Abstract

Cellular automata (CA) paradigm has been successfully applied to solve the topology and sizing optimization problems of truss structures and continuum bodies. In a conventional uniform Cellular Automata (CA) model, a unit cell's behavior is updated based on information from its eight immediate neighboring nodes (in 2D configuration). However, this neighborhood system may not always be suitable for representing real truss structures. To address this limitation, a non-uniform CA approach has been proposed in this research study for the optimization of truss structures.
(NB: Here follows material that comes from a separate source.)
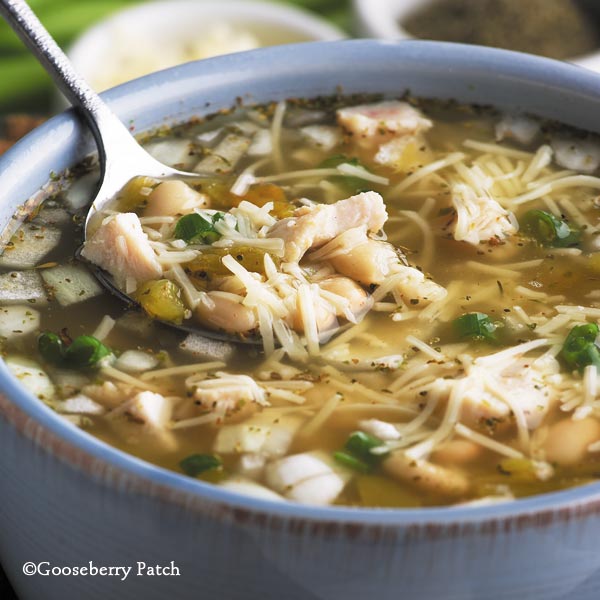 2 T. oil 1 onion, finely chopped 4-oz. can chopped green chiles 2 t. garlic powder 2 t. salt 2 t. cumin 2 t. dried oregano 2 t. coriander 1/2 t. cayenne pepper 2 15.8-oz. cans Great Northern beans, undrained 2 10-1/2 oz. cans chicken broth 2 5-oz. cans chicken, drained

The proposed non-uniform CA approach is based on non-identical cells, each of which is defined by a center node and members connecting the center node of the cell to all other nodes in its immediate neighborhood. This differs from the Moore neighborhood concept used in the conventional uniform CA approach, which only considers the eight immediate neighboring nodes. It has been shown that the proposed non-uniform CA approach provides a more realistic representation of truss structures and improves the optimization process.
Moreover, conventional CAs rely on a fixed grid, thus with respect to design optimization of discrete structures, they can only be used for sizing and topology of the structure while the layout optimization cannot be conducted as the coordinates of the nodes remain unchanged throughout the optimization process. In this research study, a novel non-uniform CA design optimization algorithm has been formulated to solve the general problem of topology, sizing and layout optimization of truss structures subject to both stress and displacement constraints. Several benchmark case studies have been provided to demonstrate the efficiency and accuracy of the proposed design optimization methodology.